Mugore—who worked on family planning initiatives in Zimbabwe, Uganda, Kenya, and Tanzania, as well as in Togo — has witnessed such misconceptions firsthand. “Women believe that contraceptives [make them] infertile,” she said. “There are perceptions [that] they cause cancer. There are perceptions that contraception interferes with their sex life, or their libido, or the libido of their partners. Young girls who have never had children sometimes get caught up in a provider bias, where providers believe, ‘No, no, no, don’t take contraceptives because you might become infertile.’”
All of this may paint a very bleak picture for the future of contraceptive access in the developing world, but there is definite cause for optimism. According to Jacobstein, “use of contraception has gone up six-fold in 50 years, and 20-fold in developing countries.” And a number of recently-introduced methods may very well revolutionize the face of family planning in low-income regions. The Sayana Press — a reduced dose of the Depo-Provera shot packaged into an injectable system with a very thin needle — was released last year and is currently being used in 11 countries. The device is simple to administer and cannot be reused, cutting down risks of infection from sharing. The Sayana Press also costs only a dollar.

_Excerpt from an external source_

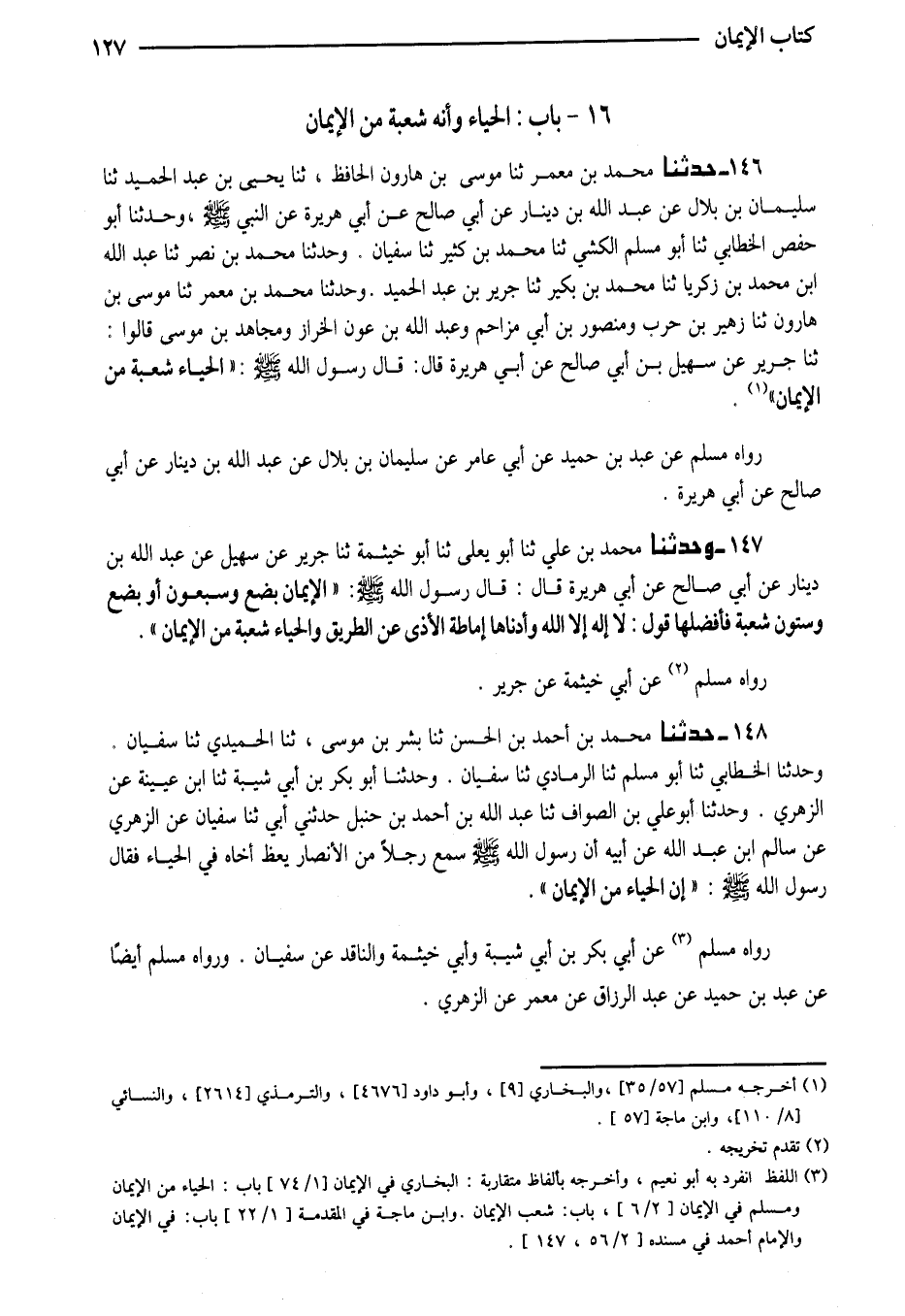 146 - حَدَّثَنَا مُحَمَّدُ بْنُ مَعْمَرٍ ثَنَا مُوسَى بْنُ هَارُونَ الْحَافِظُ ثَنَا يَحْيَى بْنُ عَبْدِ الْحَمِيدِ ثَنَا سُلَيْمَانُ بْنُ بِلالٍ عَنْ عَبْدِ اللَّهِ بْنِ دِينَارٍ عَنْ أَبِي صَالِحٍ عَنْ أَبِي هُرَيْرَةَ عَنِ النَّبِيِّ صَلَّى اللَّهُ عَلَيْهِ وَسَلَّمَ وَحَدَّثَنَا أَبُو حَفْصٍ الْخَطَّابِيُّ ثَنَا أَبُو مُسْلِمٍ الْكَشِّيُّ ثَنَا مُحَمَّدُ بْنُ كَثِيرٍ ثَنَا سُفْيَانُ وَحَدَّثَنَا مُحَمَّدُ بْنُ نَصْرٍ ثَنَا عبد الله ابْن مُحَمَّدِ بْنِ زَكَرِيَّا ثَنَا مُحَمَّدُ بْنُ بُكَيْرٍ ثَنَا جَرِيرُ بْنُ عَبْدِ الْحَمِيدِ وَحَدَّثَنَا مُحَمَّدُ بْنُ مَعْمَرٍ ثَنَا مُوسَى بُنْ هَارُونَ ثَنَا زُهَيْرُ بْنُ حَرْبٍ وَمَنْصُورُ بْنُ أَبِي مُزَاحِمٍ وَعَبْدُ اللَّهِ بْنُ عَوْنٍ الْخَرَّازُ وَمُجَاهِدُ بْنُ مُوسَى قَالُوا ثَنَا جرير بن سُهَيْلِ بْنِ أَبِي صَالِحٍ عَنْ أَبِي هُرَيْرَةَ قَالَ قَالَ رَسُولُ اللَّهِ صَلَّى اللَّهُ عَلَيْهِ وَسَلَّمَ (الْحَيَاءُ شُعْبَةٌ مِنَ الإِيمَانِ)

But it is the implant that might very well become the biggest game-changer in developing regions. Thanks to a global initiative called Family Planning 2020, donor volume guarantees have reduced the price of the implant by about half (it originally cost $8.50), and 40 million implants will become available to low resource countries over the course of five years. The implant is a particularly promising method because it has a longer shelf life than injectables, which only last for three months. “Any method that is low user responsibility is fairly preferable,” says Mugore. “With implants, [women] don’t have to come back to the clinic for [three years]. Women prefer those kinds of methods, because in these countries, facilities are not easy to get to.”
Of course, family planning methods alone cannot bridge the gap of unmet contraceptive need. A healthy and diverse supply of contraceptives must be made accessible and affordable. Comprehensive information on sexual health must be brought into communities. Deeply-entrenched notions of gender roles must be addressed. Achieving these goals will require collaborative efforts by governments, NGOS, the private sector, community service organizations, and advocates. It will take hard work and time. And it will be worth it.
“Family planning, it’s a human rights issue,” says Upadhyay. “It’s a prevention issue. It’s a women’s issue … We need a big movement to bring governments together, bring partners together, raising these issues [to make clear] the impact of not meeting these needs … How many women will have an unplanned pregnancy, and how many women will die because of that? [There] should be a movement all over the world.”